WHAT YOU NEED TO DO =
Your copy of the entries must be exact, and it must not include the pictures.

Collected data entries
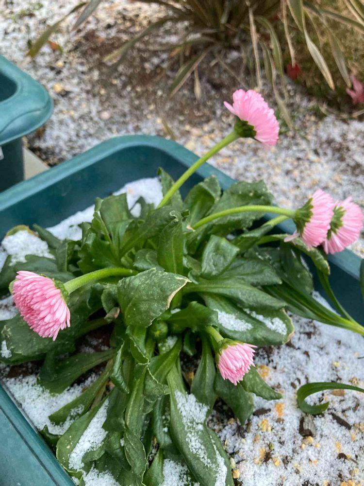 ちょうど開花してきているチロリアンデージーも、朝方の零下6度にはうつむき加減に、、。
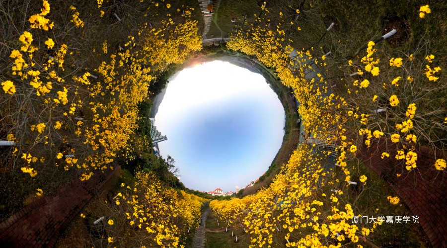 航拍全景视角下 黄花风铃木成了时空隧道
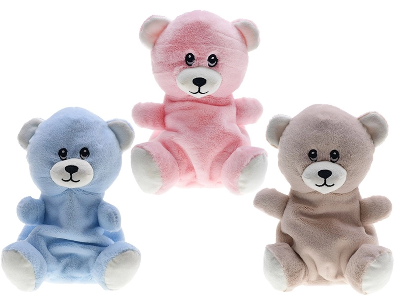 Vous pouvez choisir parmi trois couleurs populaires – beige, rose et bleu. L’ours est fabriqué en peluche douce, agréable au toucher et facile à entretenir pour une hygiène quotidienne.
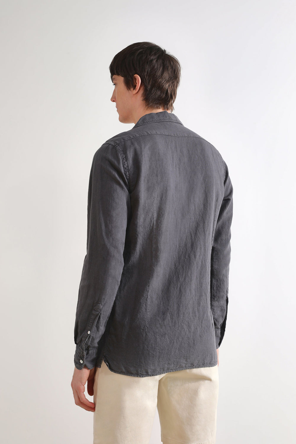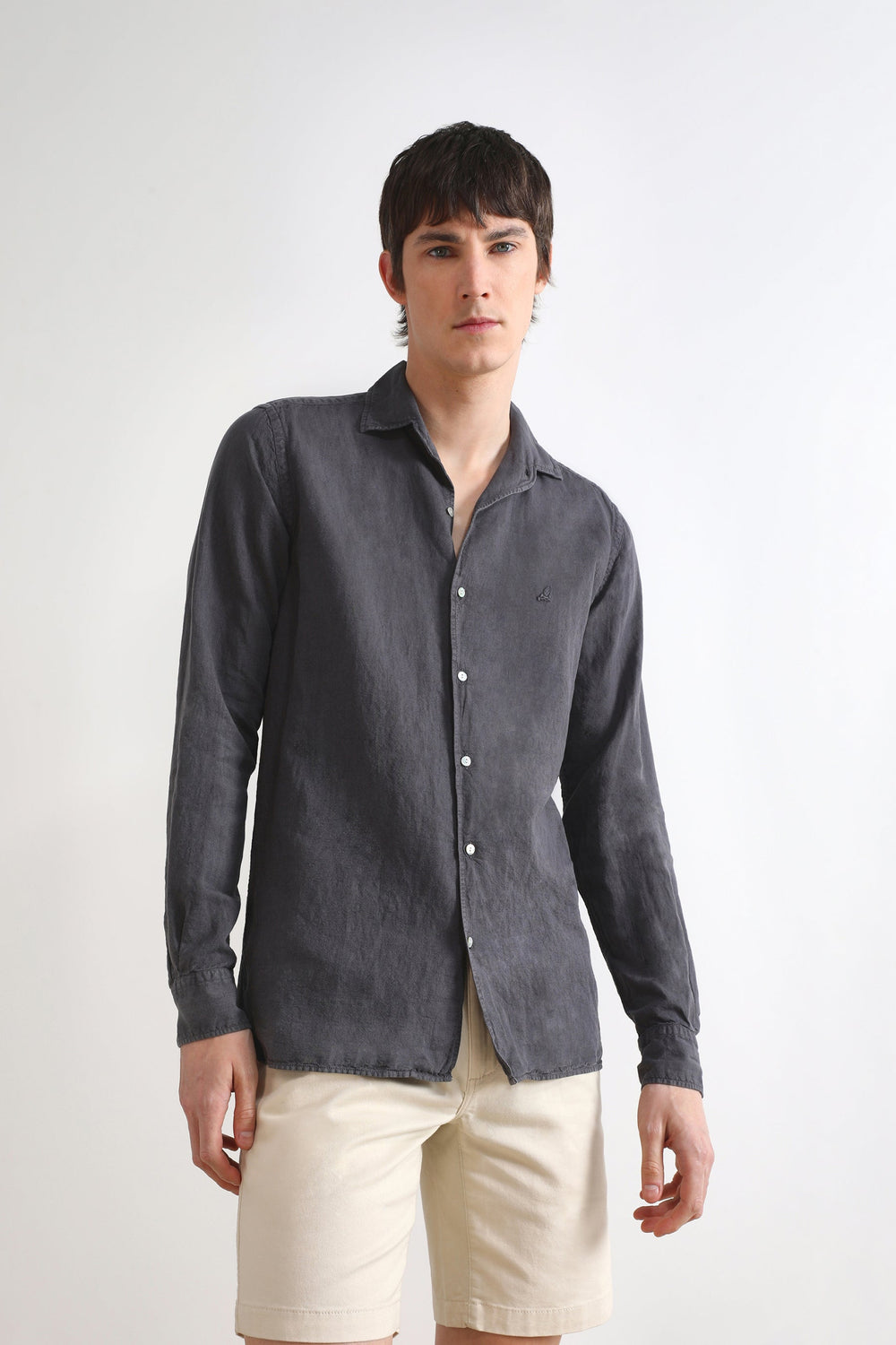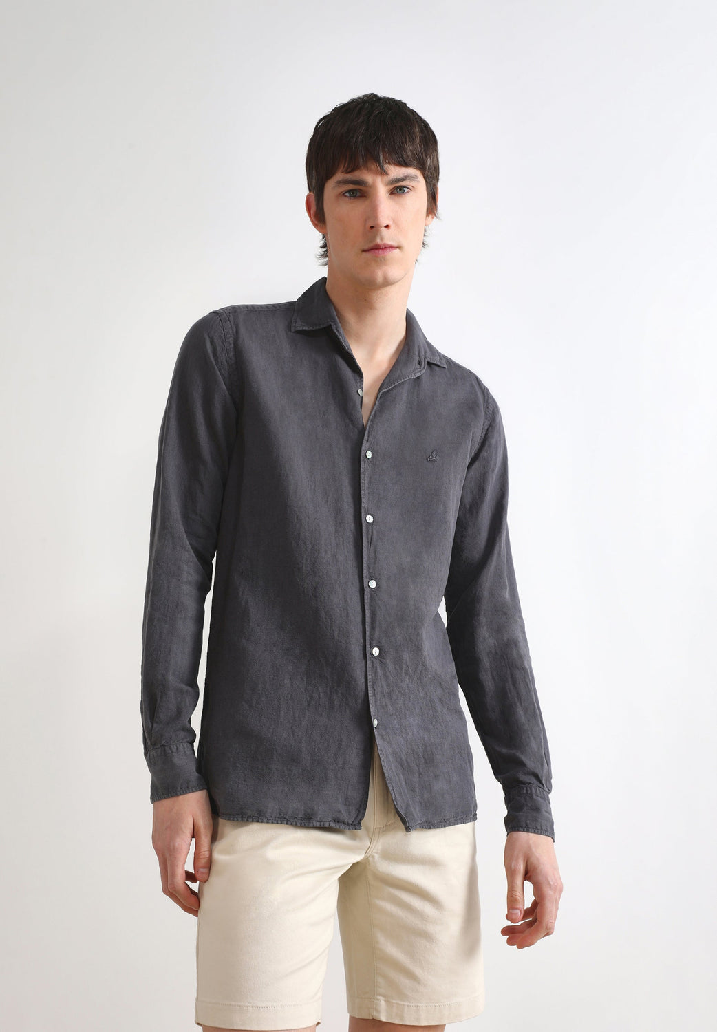 Camisa de lino con cuello estilo pijamero.
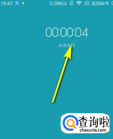 点击录音后,即进行录音,在屏幕上面显示录音时间。
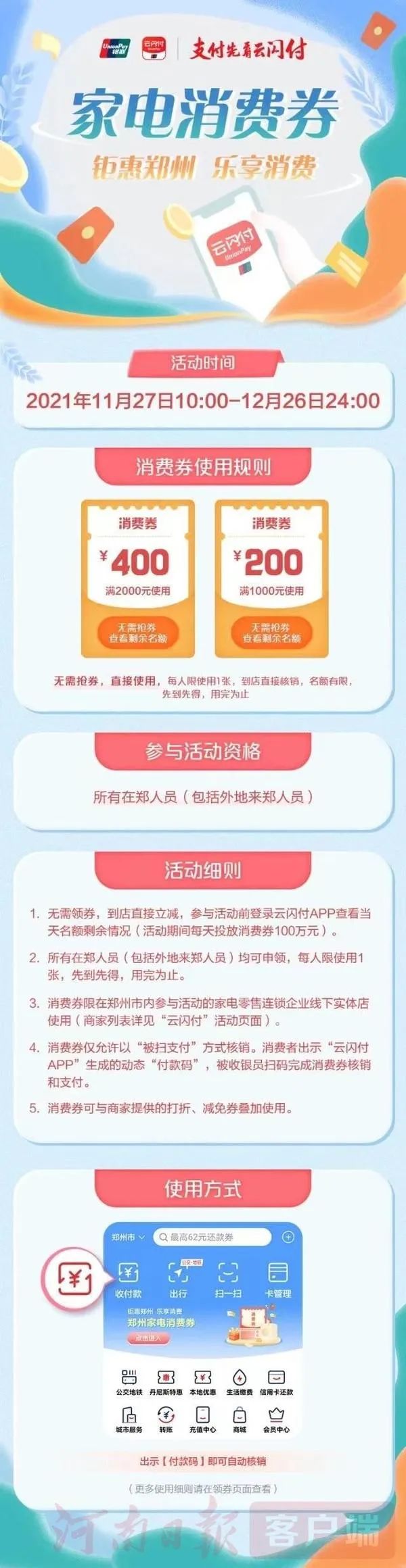 3)郑州人注意,11月27日上午10:00,郑州家电消费券就要和大家见面了!本次消费券发放总额3000万元,为期一个月。家电消费券无须抢券,到店消费直接立减,最高可减400元。消费券使用如有疑问,可与“云闪付”联系(联系电话:95516)。
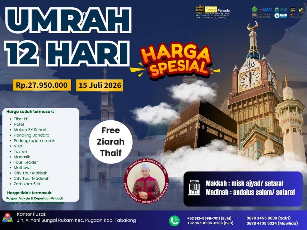 - Finalty Reffund 50% (Dari total yang telah disetorkan), 25 Hari Sebelum Keberangkatan.
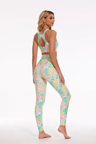 Pattern Description: Inspired by tie-dye art, this pattern seamlessly blends traditional tie-dye with a modern aesthetic. The primary hues are pink, yellow, and green, interwoven together with shades of blue and white, resulting in a vibrant yet harmonious overall palette. The pattern's lines are curved and fluid, forming freely blooming flower shapes, showcasing a rich sense of depth and abstract beauty. The bright and vivid pattern illuminates your everyday workout, making you stand out in the crowd.  Product Features: High-waisted design perfectly shapes, supports and flatters any body types. No small elastic band at the top. Two side pockets for essentials. No side seams for extra flattering fit and comfort. Stretchy and light fabric for a smoothing, second-skin feel. Fabric: Made with 84% RPET and 16% spandex from recycled plastic bottles and it is 100% recyclable! - Four-way stretch, breathable and anti-bacterial.
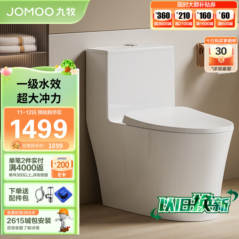 九牧(JOMOO)11350-2-2/41K-1家用大冲力喷射虹吸排污马桶坐便器400坑距价格:1899.00元!
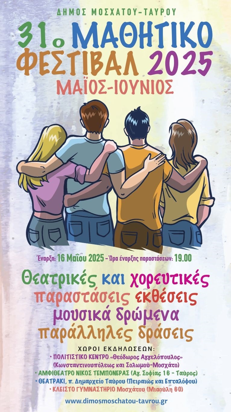 νΞεκινάει στον Δήμο Μοσχάτου-Ταύρου το 31ο Μαθητικό Φεστιβάλ, ένας πολιτιστικός θεσμός που έχει πλέον καθιερωθεί στην τοπική κοινωνία και αποτελεί γιορτή δημιουργίας, έκφρασης και συνεργασίας για τη μαθητική και εκπαιδευτική κοινότητα του Δήμου μας.
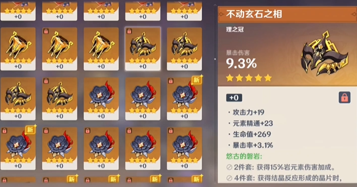 时之沙部位应当优先选择防御力百分比,这是提升其基础攻击转化效率的关键。空之杯部位的最佳选择是岩元素伤害加成,这能直接增益其开大后的所有岩元素攻击;在岩伤杯暂时欠缺时,也可以使用防御力百分比作为过渡。理之冠部位则根据角色的暴击率与暴击伤害面板来决定,优先选择暴击率或暴击伤害,以确保双暴属性的平衡。通常情况下,若武器提供暴击伤害,则头冠可选暴击率,反之亦然。
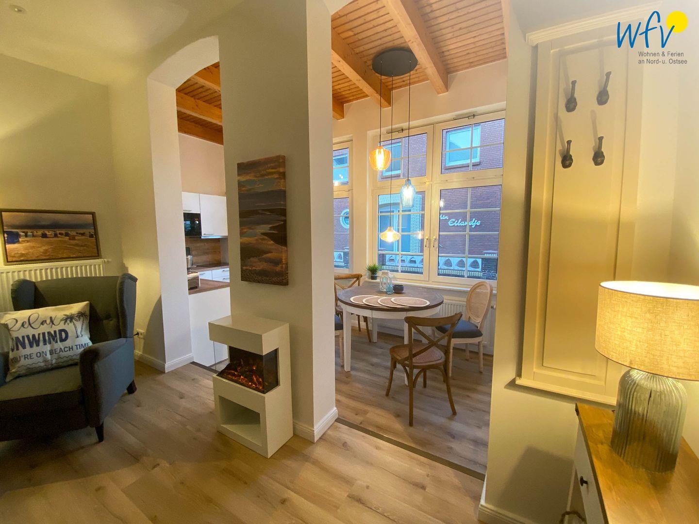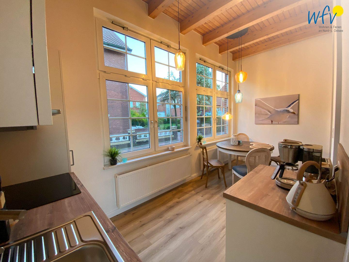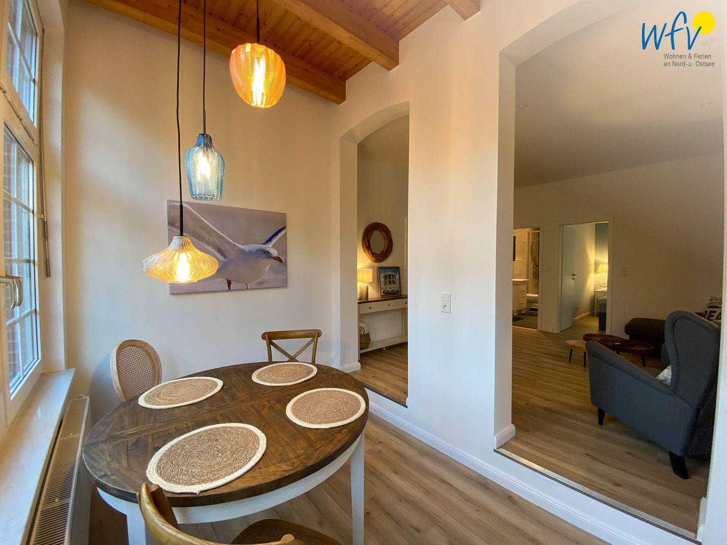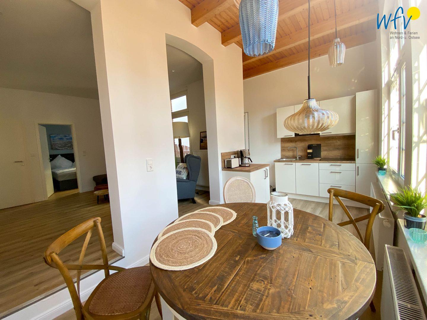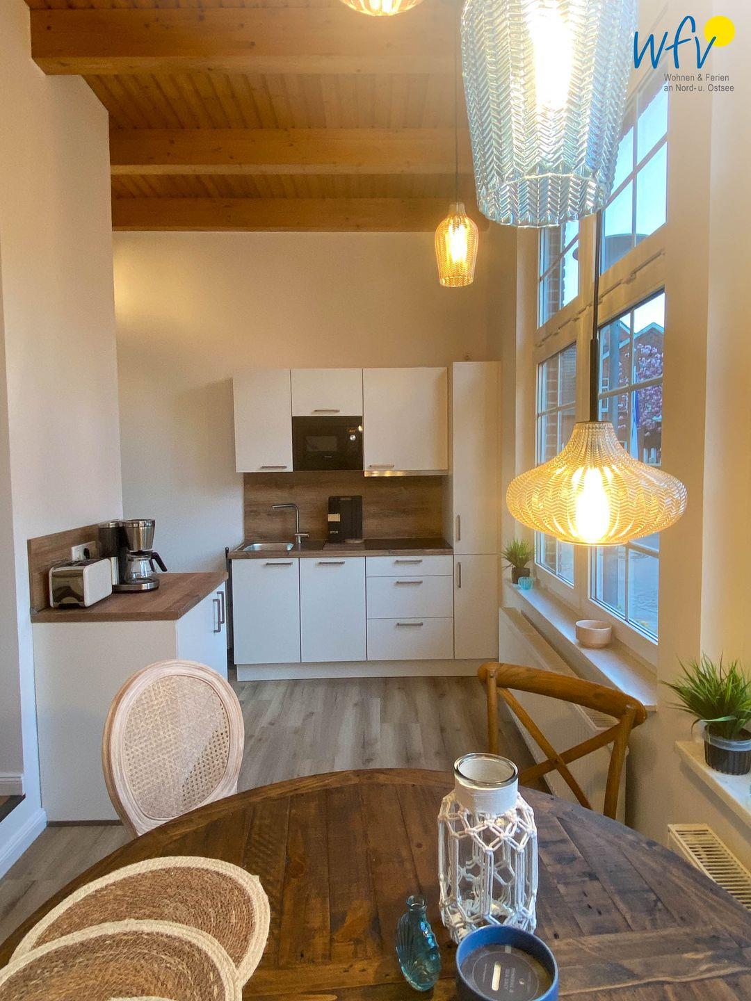 Die Ferienwohnung erstreckt sich über eine großzügige Fläche und liegt im rechten Erdgeschoss des Hauses. Durch den offen gestalteten Wohnbereich, die hohen Decken und die Torbögen erhält man einen herrlichen, licht durchflutenden Blick in die für Borkum typische, nach Süden ausgerichtete Veranda. In dieser befindet sich die Küche mit einem einladenden Essbereich. Die gut ausgestattete Küche lädt dazu ein, kulinarische Köstlichkeiten zuzubereiten. Sie finden hier alles, was Sie benötigen - vom Induktionsherd über Mikrowelle bis hin zum Kühlschrank.

RESPONSE BOX =
 ちょうど開花してきているチロリアンデージーも、朝方の零下6度にはうつむき加減に、、。
 航拍全景视角下 黄花风铃木成了时空隧道
 Vous pouvez choisir parmi trois couleurs populaires – beige, rose et bleu. L’ours est fabriqué en peluche douce, agréable au toucher et facile à entretenir pour une hygiène quotidienne.
 Camisa de lino con cuello estilo pijamero.
 点击录音后,即进行录音,在屏幕上面显示录音时间。
 3)郑州人注意,11月27日上午10:00,郑州家电消费券就要和大家见面了!本次消费券发放总额3000万元,为期一个月。家电消费券无须抢券,到店消费直接立减,最高可减400元。消费券使用如有疑问,可与“云闪付”联系(联系电话:95516)。
 - Finalty Reffund 50% (Dari total yang telah disetorkan), 25 Hari Sebelum Keberangkatan.
 Pattern Description: Inspired by tie-dye art, this pattern seamlessly blends traditional tie-dye with a modern aesthetic. The primary hues are pink, yellow, and green, interwoven together with shades of blue and white, resulting in a vibrant yet harmonious overall palette. The pattern's lines are curved and fluid, forming freely blooming flower shapes, showcasing a rich sense of depth and abstract beauty. The bright and vivid pattern illuminates your everyday workout, making you stand out in the crowd.  Product Features: High-waisted design perfectly shapes, supports and flatters any body types. No small elastic band at the top. Two side pockets for essentials. No side seams for extra flattering fit and comfort. Stretchy and light fabric for a smoothing, second-skin feel. Fabric: Made with 84% RPET and 16% spandex from recycled plastic bottles and it is 100% recyclable! - Four-way stretch, breathable and anti-bacterial.
 九牧(JOMOO)11350-2-2/41K-1家用大冲力喷射虹吸排污马桶坐便器400坑距价格:1899.00元!
 νΞεκινάει στον Δήμο Μοσχάτου-Ταύρου το 31ο Μαθητικό Φεστιβάλ, ένας πολιτιστικός θεσμός που έχει πλέον καθιερωθεί στην τοπική κοινωνία και αποτελεί γιορτή δημιουργίας, έκφρασης και συνεργασίας για τη μαθητική και εκπαιδευτική κοινότητα του Δήμου μας.
 时之沙部位应当优先选择防御力百分比,这是提升其基础攻击转化效率的关键。空之杯部位的最佳选择是岩元素伤害加成,这能直接增益其开大后的所有岩元素攻击;在岩伤杯暂时欠缺时,也可以使用防御力百分比作为过渡。理之冠部位则根据角色的暴击率与暴击伤害面板来决定,优先选择暴击率或暴击伤害,以确保双暴属性的平衡。通常情况下,若武器提供暴击伤害,则头冠可选暴击率,反之亦然。
 Die Ferienwohnung erstreckt sich über eine großzügige Fläche und liegt im rechten Erdgeschoss des Hauses. Durch den offen gestalteten Wohnbereich, die hohen Decken und die Torbögen erhält man einen herrlichen, licht durchflutenden Blick in die für Borkum typische, nach Süden ausgerichtete Veranda. In dieser befindet sich die Küche mit einem einladenden Essbereich. Die gut ausgestattete Küche lädt dazu ein, kulinarische Köstlichkeiten zuzubereiten. Sie finden hier alles, was Sie benötigen - vom Induktionsherd über Mikrowelle bis hin zum Kühlschrank.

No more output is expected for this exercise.